I have a binary dependent variable and I am unclear as to:
- get BCEWithLogitsLoss to work
- incorporate pos_weight (how exactly do I calculate the weights, is it of the total data set?) One class has 7000 observations and the other has 2224 in the total data set.
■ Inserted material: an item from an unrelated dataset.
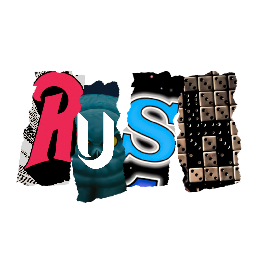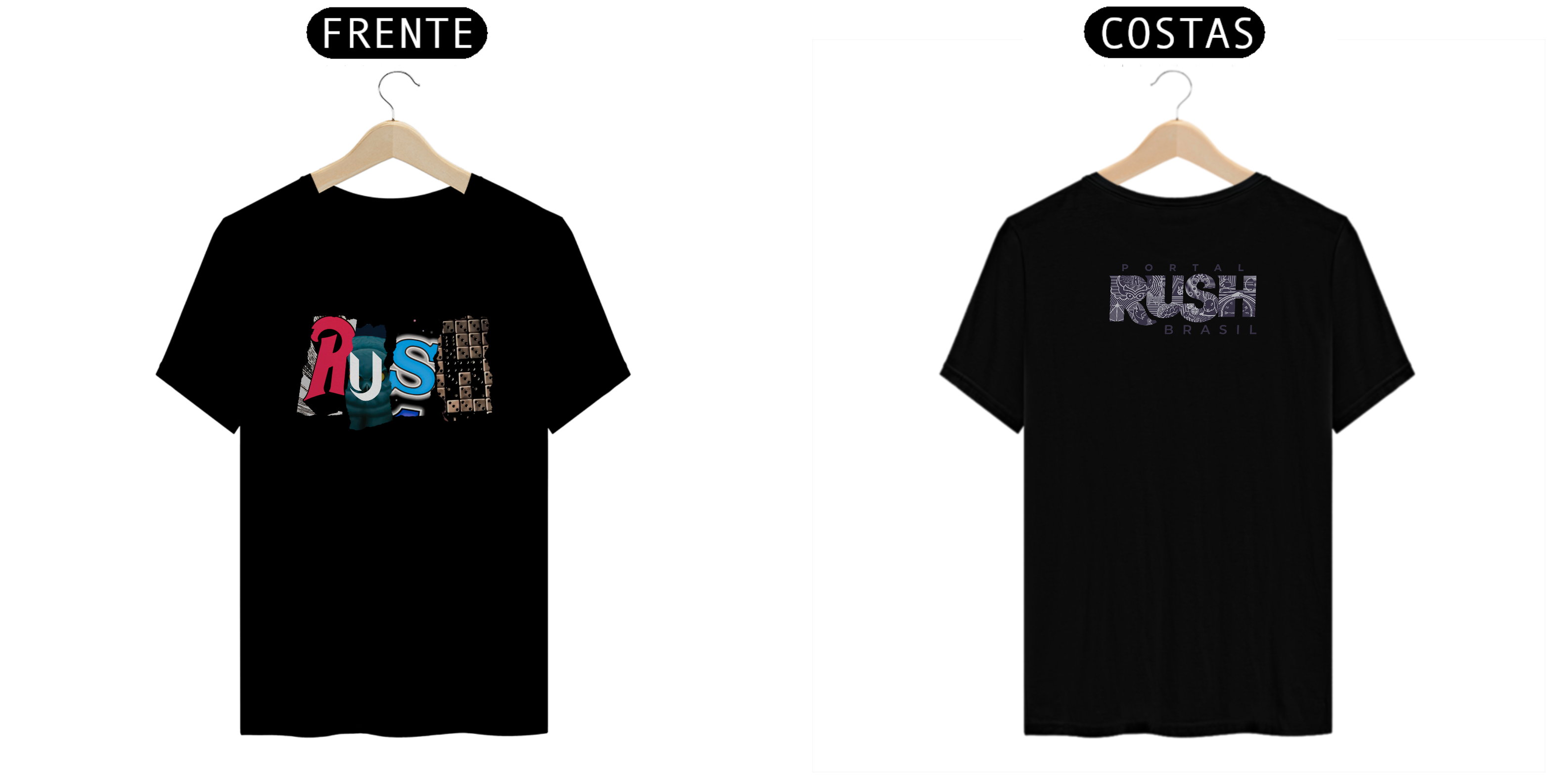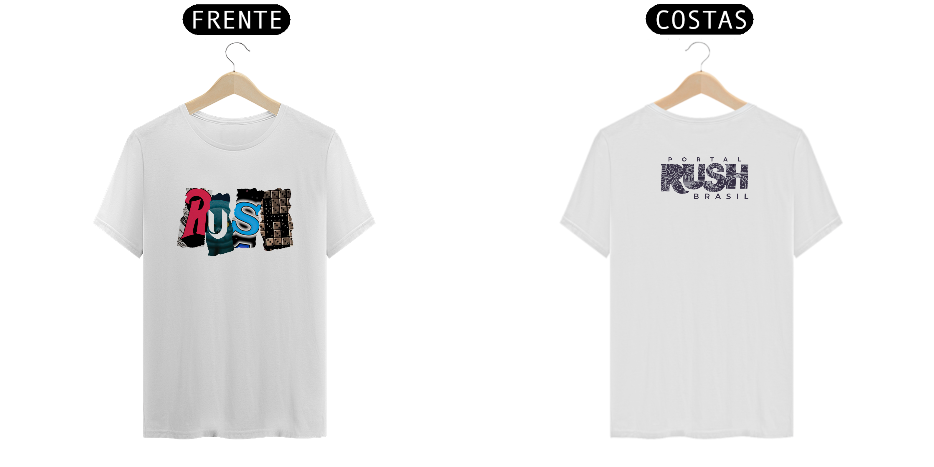 Cada letra da palavra RUSH foi recortada de uma era icônica da banda, formando uma colagem impactante e cheia de referências:

Should it just be a tensor thats like: torch.tensor([0.3, 0.7]) (more emphasis on the pos samples that are under-represented)?
For my loss function, CrossEntropyLoss is working, but I believe BCEWithLogitsLoss should be used instead (I think?).
My model outputs logits that look like:
tensor([[ 0.5015, -0.0165],
[ 0.5486, 0.0320],
[ 0.4227, 0.1604],
[ 0.2781, -0.0317],
[ 0.2667, 0.2109],
[ 0.1847, -0.1724],
[ 0.2727, -0.0598],
[ 0.3827, 0.1195],
[ 0.2796, -0.2183],
[ 0.6082, -0.1816],
[ 0.4710, -0.0551],
[ 0.1589, 0.0477],
My labels look like:
tensor([[0],
[0],
[0],
[0],
[0],
[0],
[0],
[0],
[1],
[0],
[0],
[1],
[0],
[0],
The error I get with BCEWithLogitsLoss is always; bool value of Tensor with more than one value is ambiguous.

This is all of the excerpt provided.